PDA

View Full Version : Losing styles converting HTML to Word/pdf


JonathanS1
September 8, 2006, 12:04:59
Hi, can you help with a styles issue when converting HTML to Word or PDF?

I have parts of a document stored as HTML fragments in SQLServer and am constructing a publication using these fragments. For example, this is some of the text stored in the database:

<span class="standard">CLINICAL MANAGEMENT OF THE TRANSFUSION EPISODE </span>

and

<SPAN class="criterion">A consent policy is in place, which includes an explanation of relevant legislation and best practice guidance. </SPAN>

The code to generate the final publication extracts what it needs from the database and then does the following:

ss.CssSaveMode = CssSaveMode.None
tx.Save(text, StringStreamType.HTMLFormat, ss)
text = http.HtmlDecode(text)

where tx is TXTextControl.ServerTextControl.

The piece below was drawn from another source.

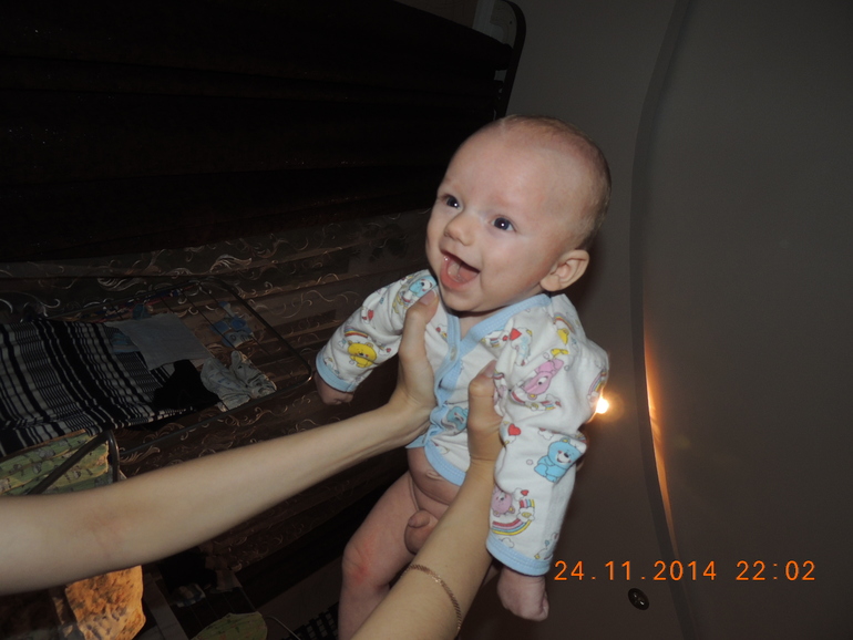 Тянется к игрушкам, хватает, но держит недолго. Гулит в основном гласными, а при плаче четко слышим МА-МА.) Улыбается много, пытается хохотать и еще часто издает такие удивленные возгласы.

Then, I open the CSS file containing the class definitions and insert the contents into the variable 'text' as follows so that ALL class definitions are included within the HTML produced:

text = text.Insert(text.IndexOf("<body"), "<style type='text/css' >" & css & "</style>")

If I place a breakpoint in the code and copy the HTML produced into, for example, Dreamweaver, the document created displays perfectly using the classes inserted from the CSS file, so I know the HTML created is correct.

Now, I need to convert this output to Word or PDF (depends on what the user requested), so the code does this:

tx.ResetContents()
tx.Load(text, StringStreamType.HTMLFormat)

and convert this HTML to, in this case, PDF:

tx.Save(pdf, BinaryStreamType.AdobePDF)

But ALL HTML styles formatting is lost. How can I convert HTML to Word/PDF AND retain all the formatting from the HTML?

Regards,
Jonathan

Gunnar Giffey
September 11, 2006, 18:50:36
Hello Jonathan,

How does the HTML look like, if you save it and load it into TX Words?
Perhaps you could send me or attach the HTML as ZIP archive?

JonathanS1
September 19, 2006, 16:01:30
Hi Gunnar, sorry for the delay in replying - I have been on holiday.

Anyway, I tried loading the HTML created into TX Words and all the formatting is lost. However, when the same HTML is loaded into Dreamweaver, the page is correctly formatted.

I have attached the HTML file as you requested.

I hope we can get this sorted as this is the chosen method for producing many of our new publications and a great deal of work has already gone into the application.

Regards,
Jonathan

JonathanS1
September 19, 2006, 16:34:46
Gunnar, from doing some more testing, it would seem that the TX TextControl HTML filter is very fussy.

I moved the <style>...</style> tag into the <head></head> tag and removed the style type="text/css" attribute and the output formatted correctly in Word and Acrobat.

HOWEVER, a number of style attributes seem to be ignored. For example, 'margin-top:10pt; margin-right:5pt; line-height: 14pt;" are totally ignored in the output. Why is this?

Where is there a list of style attributes which are ignored by the TX TextControl HTML filter?

If the HTML filter simply ignores many formatting options, this seems to me to be a major issue for TX TextControl.

Regards,
Jonathan

Gunnar Giffey
September 19, 2006, 18:18:11
Jonathan,

Thanks for the HTML sample file.
If you like, I can send you a list of supported style attributes. Please send me an email to gunnar@textcontrol.com, so that I can reply with the list.

Gunnar Giffey
September 25, 2006, 15:14:44
I moved the <style>...</style> tag into the <head></head> tag and removed the style type="text/css" attribute and the output formatted correctly in Word and Acrobat.
After checking with our filter department, I have news:
The style definition must be in the head tag, otherwise the styles will not be used correctly.
See http://www.w3.org/TR/1998/REC-html40-19980424/present/styles.html#h-14.2.3 for reference:
The STYLE element allows authors to put style sheet rules in the head of the document. HTML permits any number of STYLE elements in the HEAD section of a document.